Dental implants are the only way to properly replace a missing tooth, that is, to replace all and every single part of the tooth. Unfortunately, certain pre-existing medical conditions - almost always chronic health problems - make it impossible, or unadvisable to undergo dental implantation. Some of these are straightforward and can be understood at once: problems of the bones like osteoporosis that make it impossible, or haemophilia, where the blood just keeps coming are in this category. But some conditions are not intuitive at all, and diabetes is one of them. It is unadvisable to get dental implants if you have diabetes. But why?
Why diabetes?
We get inquiries like this on a weekly basis: a patient wants to know why they cannot get dental implants if their bones are strong, they take care of their diabetes and do not let it get out of control, and take their medication daily, and this is a type 2 usually, meaning it is milder. So why can’t they get dental implants?

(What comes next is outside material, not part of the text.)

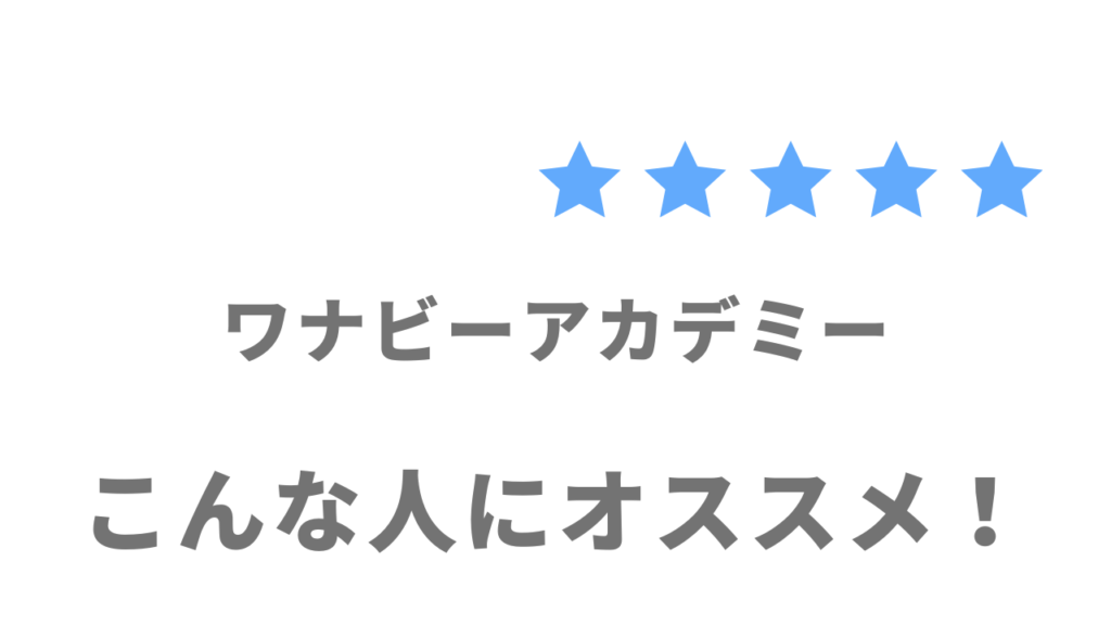 特に、3ヶ月で実務レベルのスキルを習得し、案件紹介制度を活用して実務経験を積める「WANNABE Academy(ワナビーアカデミー)」は、多くの人に選ばれている人気のスクールです。

It is because chronic conditions can get worse. Your diabetes is under control now, but you cannot really say that 10 years from now, your condition, and the condition of your jaw bones will not deteriorate. Unfortunately, there is a risk that these circumstances will not be suitable for dental implants in a few years’ or decades’ time.
Legal issues
While dental implantation of a person who has enough bone density in their jaw is perfectly possible, even if they have diabetes, the legal issues surrounding dental implants make it simply now worth it for the dentist. Dental implants are expensive, and for a good reason; you only need to get them once, and they remain good for a lifetime. This is reflected in the legal aspects of getting a dental implant; there are guarantees and safeguards to make sure you get the most for your money. With a patient with diabetes, these guarantees cannot in every instance be safeguarded, as their condition, and the condition of their bones and gums tends to deteriorate, or has the likelihood of deteriorating. Thus selling the dental implants for the same price as it is sold to everyone else is not entirely ethical. But the dentist cannot sell it for less, and thus, diabetics are often excluded.
What can be done?
To restore chewing function and to aid speech, a crown or bridge is fine. The problem is that these dental prostheses do not stop tooth loss as a condition, and only replace the function of the crown that has gone missing. If you have diabetes, the best thing to do is to visit your dentist regularly, and to be aware of the fact that you are at risk, and to take care of your teeth accordingly. If any sign of looseness comes along, you must contact your dentist immediately.